Beer geeks tweak promospeak
Tuesday, February 5, 2008
4:47 PM
While trying to
bone up on my beer knowledge before the big beer festival this weekend, I heard the term
cross drinker ridiculed on an old
Craft Beer Radio podcast.
With a little investigation I was able to find the
promotional copy they were commenting on:
Cross Drinking Without Social Stigma
What's hot in wine? Beer! Cross-drinking wine experts dare to declare that America's craft beers change the way wine drinkers think about malt beverages. Join this panel of talented tasters as they chuck their corks for brown-bottle fare and tell all about this latest beverage trend. Along the way, you'll get a first-hand glimpse into the palates and preferences of three of the food worlds' most savvy cross drinkers.
Cross drinking,
cross drinker... after you filter out all the bad search results, these terms hardly appear at all on the Internet. I was able to find only one other cite for this sense, in a
September 2002 user review at
beeradvocate.com.
Just as rare is another,
slightly older sense of
cross-drinking: "to drink a certain variety of wine with a food traditionally paired with a different variety."

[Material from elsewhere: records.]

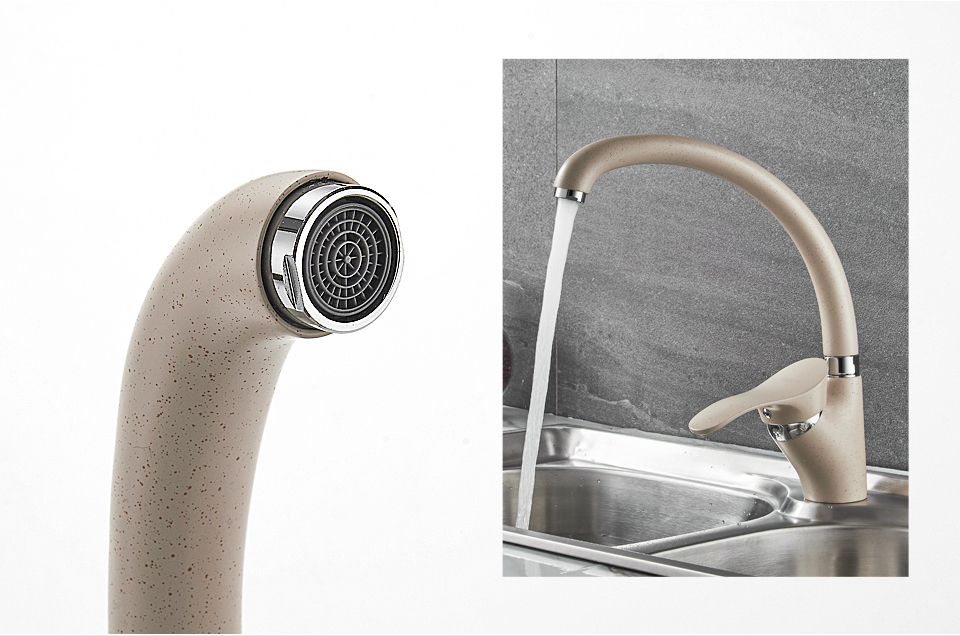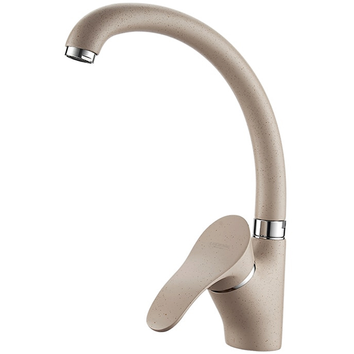 Смеситель однорычажный, с поворотным изливом, материал смесителя латунь с нанесением покрытия имитирующее гранит бежевого цвета, крепление на кухонной мойке с помощью шпилек.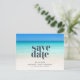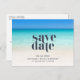 Spara datumet bröllop-vykort för ditt målbröllop på stranden i en enkel stranddesign med blå bläck. Lägg till information om bröllop på vykortets framsida och baksida - skicka e-post till vänner och familj och be dem att reservera ditt bröllop-datum.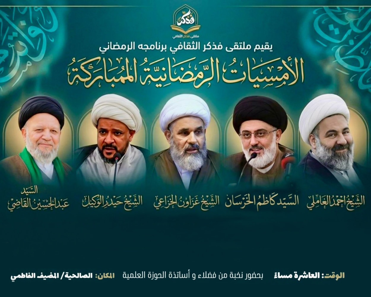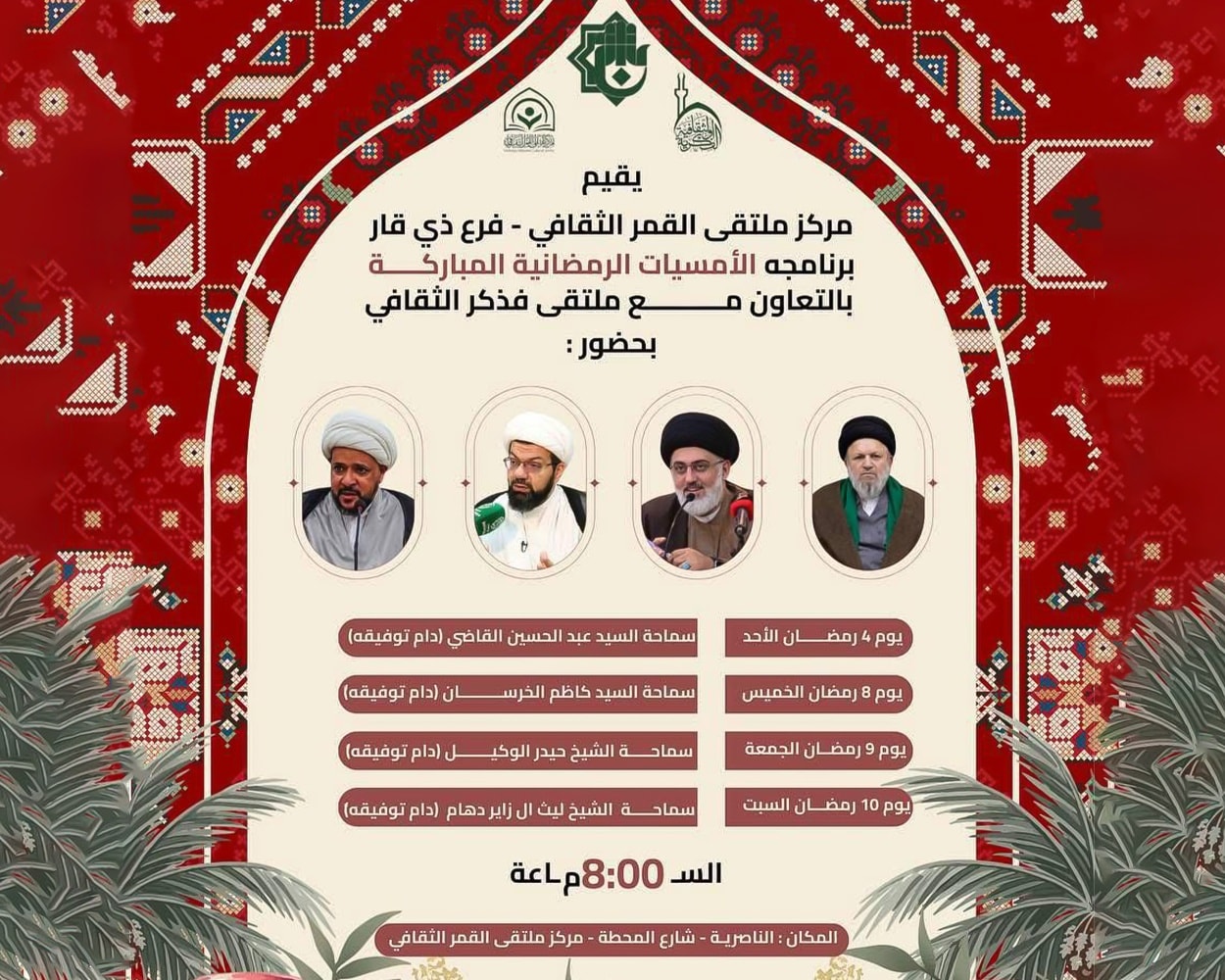 سأتشرف بالحضور والمشاركة ضمن برامج الأمسيات الرمضانية المباركة في مدينة الناصرية، يوم الخميس الثامن من شهر رمضان المبارك، الموافق 2026/2/26، في مركز ملتقى القمر الثقافي وملتقى فذكر الثقافي.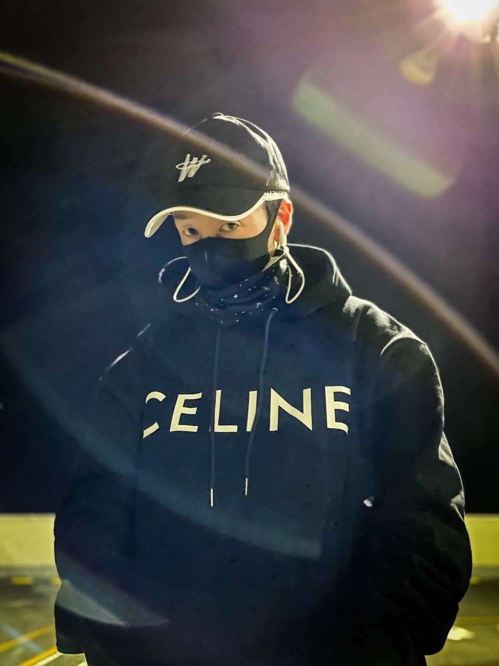 キャップを同じ物で黒と白買ったから、レイヤードしてみたよ。キャップを重ねてかぶってる!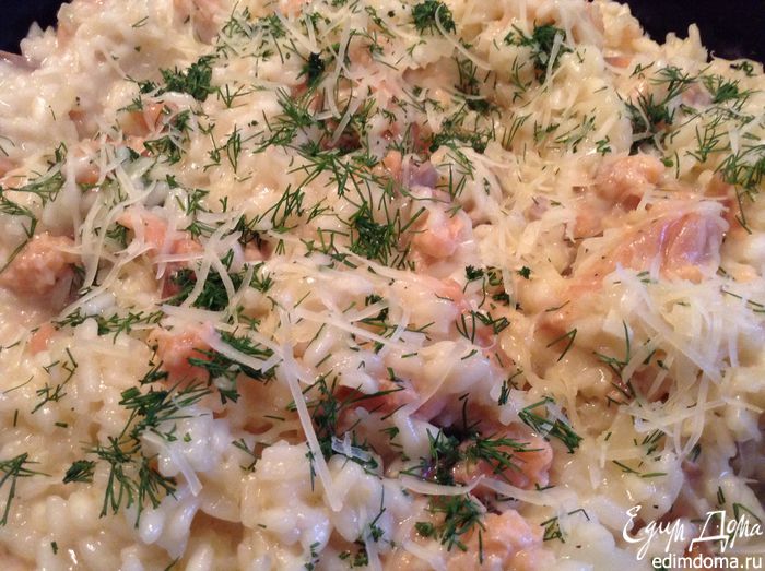 - На весь экран # шаг 11/11Добавить семгу в ризотто, еще раз все перемешать, снять с огня, присыпать укропом и оставшимся пармезаном. поделиться фото 4.5согласны?

Both senses seem fairly transparent in context, and somewhat useful as jargon, so I'm a bit surprised that neither has caught on.
Perhaps the signified in both cases is too uncommon to warrant a signifier?
Alternately — if not for the guffaws of those beer cognesceti — I could even believe that one or both of these terms was in common usage but had somehow eluded Google's myriad tentacles.